Your assignment -> In the records below, find the line containing "Auto shut-off if" and transcribe it and every line after it exactly; leave the pictures out.
--------------------
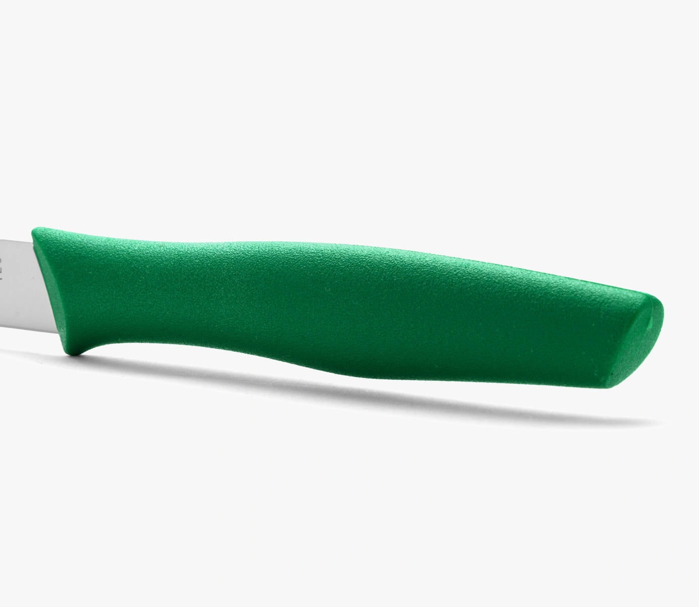 Cuchillo mondador de la serie Nova de 85 mm en color verde. Útil para cortar y pelar frutas.
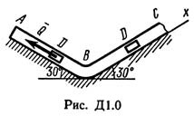 Груз D массой m, получив в точке A начальную скорость v0 движется в изогнутой трубе AВС, расположенной в вертикальной плоскости; участки трубы или оба наклонные, или один горизонтальный, а другой наклонный (рис. Д1.0 — Д1.9, табл. Д1).
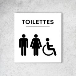 Pictogramme Panneau Signalétique Format 20 Cm X 20 Cm En Dibond Blanc Picto Noir – Modèle WC Trio
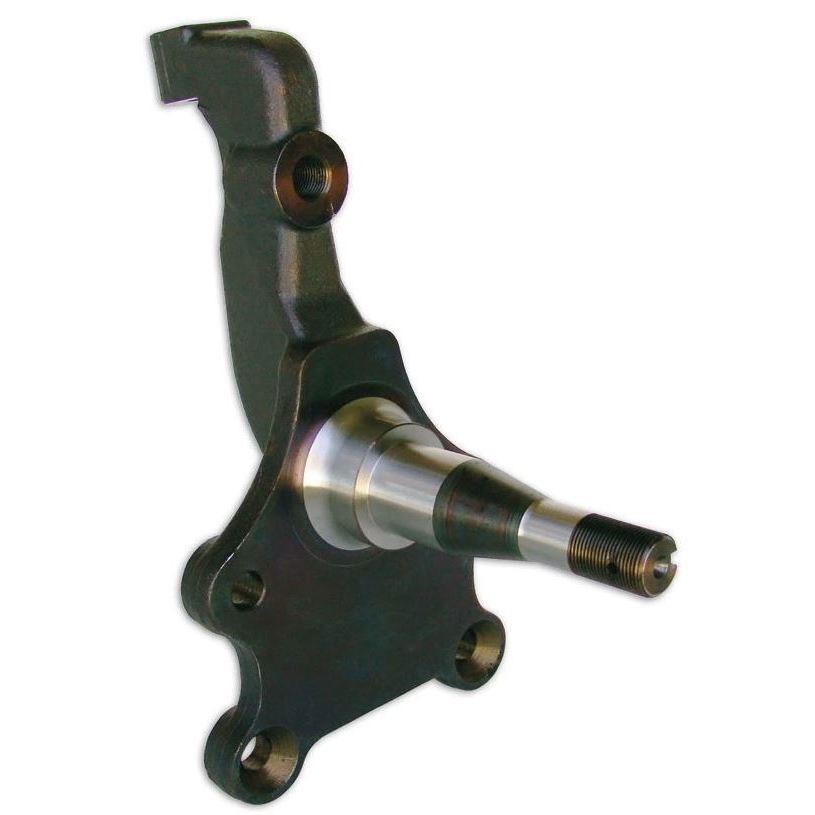 The RideTech 2" dropped spindle is a heavy duty forging that has about 1-3/4 " taller ball joint to ball joint than the OEM spindle. This basic geometry change increases the camber gain during suspension compression that will allows the tire to lean into the turn instead of away from the turn. The RideTech spindle also has a pin height that is 2" higher than the OEM spindle. This means that your car will sit 2" lower than it would with the OEM spindle. For use with Disc Brakes.
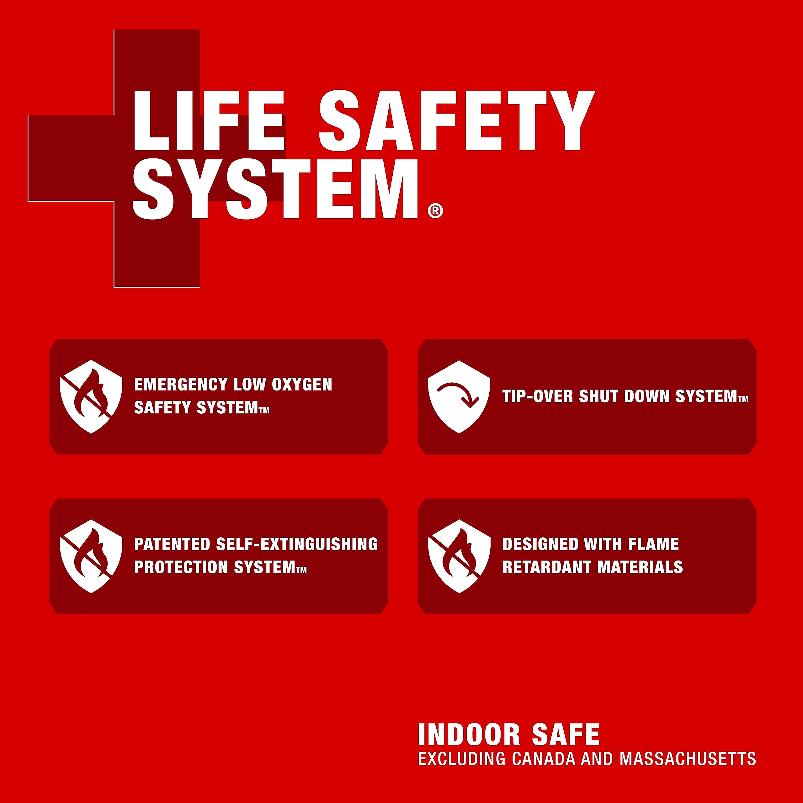 Auto shut-off if tipped over, if pilot light goes out, or if detects low oxygen levels
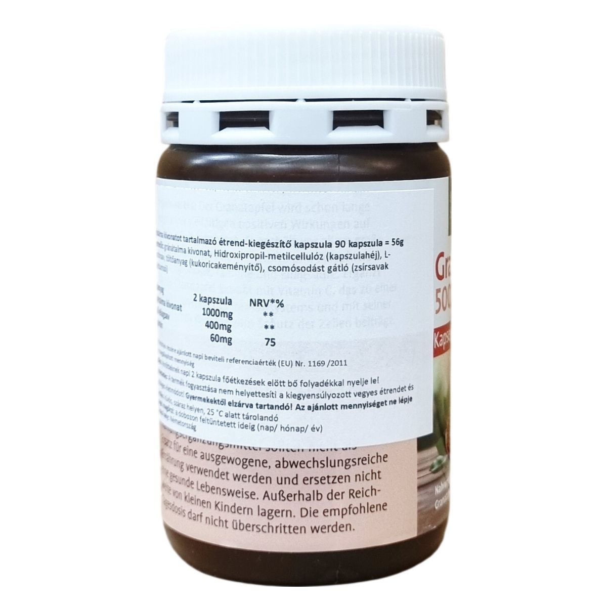 Gránátalma-kivonatot és C-vitamint tartalmazó étrend-kiegészítő. Egy kapszula 500 mg gránátalma-kivonatot tartalmaz, amelyből 200 mg ellagsav, valamint 30 mg C-vitamin. A C-vitamin hozzájárul a napi referenciaérték 75%-ához 2 kapszula esetén. A tápanyag-referenciaérték az 1169/2011/EU rendelet alapján került meghatározásra. 90 kapszulát tartalmazó kiszerelés. Származási hely: Németország.
--------------------
Answer space ->
 Auto shut-off if tipped over, if pilot light goes out, or if detects low oxygen levels
 Gránátalma-kivonatot és C-vitamint tartalmazó étrend-kiegészítő. Egy kapszula 500 mg gránátalma-kivonatot tartalmaz, amelyből 200 mg ellagsav, valamint 30 mg C-vitamin. A C-vitamin hozzájárul a napi referenciaérték 75%-ához 2 kapszula esetén. A tápanyag-referenciaérték az 1169/2011/EU rendelet alapján került meghatározásra. 90 kapszulát tartalmazó kiszerelés. Származási hely: Németország.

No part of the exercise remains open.